#25
The Ksp of nickel(II) hydroxide, Ni(OH)2, is 5.84 × 10-16. Calculate the molar solubility of this compound.
Why did the hydroxide ion go to therapy? Because it felt soluble in its own problems.
But let's get down to business! To find the molar solubility of a compound, we need to use its Ksp value.
The Ksp expression for nickel(II) hydroxide is:
Ksp = [Ni2+][OH-]^2
We can assume that the concentration of Ni2+ is equal to the molar solubility, given that nickel(II) hydroxide dissociates into one Ni2+ ion and two OH- ions.
Let's call the molar solubility 'x'. That means:
[Ni2+] = x
[OH-] = 2x
Substituting these values into the Ksp expression, we get:
Ksp = (x)(2x)^2
Now, we can solve for 'x' using the given Ksp value:
5.84 × 10^-16 = x(2x)^2
Simplifying the equation:
5.84 × 10^-16 = 4x^3
Dividing both sides by 4:
1.46 × 10^-16 = x^3
Taking the cube root:
x ≈ 1.057 × 10^-5
So, the molar solubility of nickel(II) hydroxide is approximately 1.057 × 10^-5 M.
Remember, though, if you ever feel uncertain in chemistry, just know that atoms are trustworthy because they make up everything!
To calculate the molar solubility of nickel(II) hydroxide, Ni(OH)2, we need to first write the balanced equation for its dissociation in water.
The dissociation of nickel(II) hydroxide can be represented by the equation:
Ni(OH)2(s) ⇌ Ni2+(aq) + 2OH^-(aq)
According to the stoichiometry of the equation, 1 mole of Ni(OH)2 produces 1 mole of Ni2+ ions and 2 moles of OH- ions.
Now, let's assume the molar solubility of Ni(OH)2 is represented by "x" mol/L.

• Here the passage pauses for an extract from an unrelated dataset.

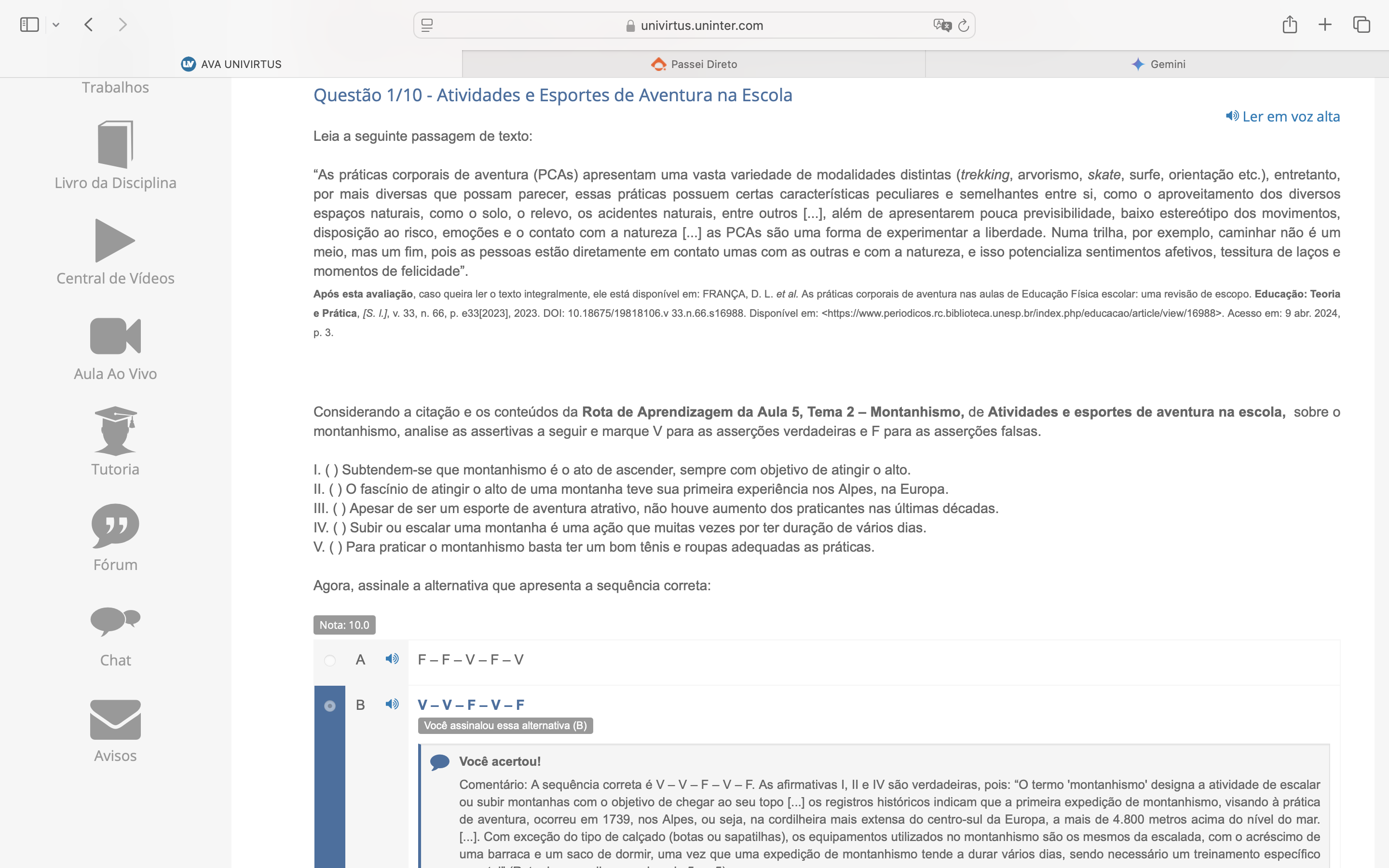 univirtus.uninter.com + AVA UNIVIRTUS Passei Direto Gemini Trabalhos Questão 1/10 Atividades e Esportes de Aventura na Escola Ler em alta Leia a seguinte passagem de texto: Livro da Disciplina "As práticas corporais de aventura (PCAs) apresentam uma vasta variedade de modalidades distintas (trekking, arvorismo, skate, surfe, orientação etc.), entretanto, por mais diversas que possam parecer, essas práticas possuem certas características peculiares e semelhantes entre si, como o aproveitamento dos diversos espaços naturais, como o solo, o relevo, os acidentes naturais, entre outros [...], além de apresentarem pouca previsibilidade, baixo estereótipo dos movimentos, disposição ao risco, emoções e o contato com a natureza [...] as PCAs são uma forma de experimentar a liberdade. Numa trilha, por exemplo, caminhar não é um meio, mas um fim, pois as pessoas estão diretamente em contato umas com as outras e com a natureza, e isso potencializa sentimentos afetivos, tessitura de laços e momentos de felicidade". Central de Vídeos Após esta avaliação, caso queira ler o texto integralmente, ele está disponível em: FRANÇA, D. L. et al. As práticas corporais de aventura nas aulas de Educação Física escolar: uma revisão de escopo. Educação: Teoria e Prática, [S. 33, n. 66, p. e33[2023], 2023. DOI: 10.18675/19818106.v 33.n.66.s16988. Disponível em: Acesso em: 9 abr. 2024, p. 3. Aula Ao Vivo Considerando a citação e os conteúdos da Rota de Aprendizagem da Aula 5, Tema 2 Montanhismo, de Atividades e esportes de aventura na escola, sobre o montanhismo, analise as assertivas a seguir e marque V para as asserções verdadeiras e F para as asserções falsas. Tutoria I. Subtendem-se que montanhismo é o ato de ascender, sempre com objetivo de atingir o alto. II. o fascínio de atingir o alto de uma montanha teve sua primeira experiência nos Alpes, na III. Apesar de ser um esporte de aventura atrativo, não houve aumento dos praticantes nas últimas décadas. " IV. Subir ou escalar uma montanha é uma ação que muitas vezes por ter duração de vários dias. V. Para praticar o montanhismo basta ter um bom tênis e roupas adequadas as práticas. Fórum Agora, assinale a alternativa que apresenta a sequência correta: Nota: 10.0 Chat A F-F-V-F-V B V-V-F-V-F Você assinalou essa alternativa (B) Avisos Você acertou! Comentário: A sequência correta é V V F V F. As afirmativas I, e IV são verdadeiras, pois: "O termo designa a atividade de escalar ou subir montanhas com o objetivo de chegar ao seu topo [...] os registros históricos indicam que a primeira expedição de montanhismo, visando à prática de aventura, ocorreu em 1739, nos Alpes, ou seja, na cordilheira mais extensa do centro-sul da Europa, a mais de 4.800 metros acima do nível do mar. [...]. Com exceção do tipo de calçado (botas ou sapatilhas), os equipamentos utilizados no montanhismo são os mesmos da escalada, com o acréscimo de uma barraca e um saco de dormir, uma vez que uma expedição de montanhismo tende a durar vários dias, sendo necessário um treinamento específico

Using the expression for the solubility product constant (Ksp) of nickel(II) hydroxide, we can write:
Ksp = [Ni2+][OH-]^2
Substituting the values into the equation, we get:
5.84 × 10^(-16) = x * (x)^2
Simplifying the equation, we have:
5.84 × 10^(-16) = x^3
To solve for x, we need to take the cube root of both sides:
∛(5.84 × 10^(-16)) = x
Calculating the cube root of 5.84 × 10^(-16), we find:
x = 7.78 × 10^(-6) mol/L
Therefore, the molar solubility of nickel(II) hydroxide, Ni(OH)2, is 7.78 × 10^(-6) mol/L.
To calculate the molar solubility of nickel(II) hydroxide (Ni(OH)2), we need to start by writing the balanced equation for its dissociation in water.

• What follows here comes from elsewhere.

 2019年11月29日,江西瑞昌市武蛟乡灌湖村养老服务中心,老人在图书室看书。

The balanced equation for the dissociation of nickel(II) hydroxide is:
Ni(OH)2(s) ⇌ Ni2+(aq) + 2OH-(aq)
Now, let's assume that 's' represents the molar solubility of nickel(II) hydroxide, which is also equal to the concentration of Ni2+ ions formed when the compound dissolves.
Therefore, the expression for the solubility product constant, Ksp, can be written as:
Ksp = [Ni2+][OH-]^2
Since the concentration of OH- ions is twice that of the Ni2+ ions, we can substitute 2s for [OH-].
Thus, the expression for Ksp becomes:
Ksp = (Ni2+)(2s)^2
Ksp = 4s^3
Now, we can substitute the given value of Ksp into the equation and solve for s:
5.84 × 10-16 = 4s^3
To solve for s, take the cube root of both sides:
(s^3) = (5.84 × 10-16)/4
s^3 = 1.46 × 10-16
Finally, take the cube root of both sides to solve for the molar solubility 's':
s = (1.46 × 10-16)^(1/3)
s ≈ 1.18 × 10-5 M
Therefore, the molar solubility of nickel(II) hydroxide is approximately 1.18 × 10-5 M.
.........Ni(OH)2 ==> Ni^2+ + 2OH^-
I........solid.......0.......0
C.......solid........x.......2x
E.......solid........x.......2x
Ksp = 5.84E-16 = (Ni^2+)(OH^-)
Substitute and solve for x = solubility Ni(OH)2.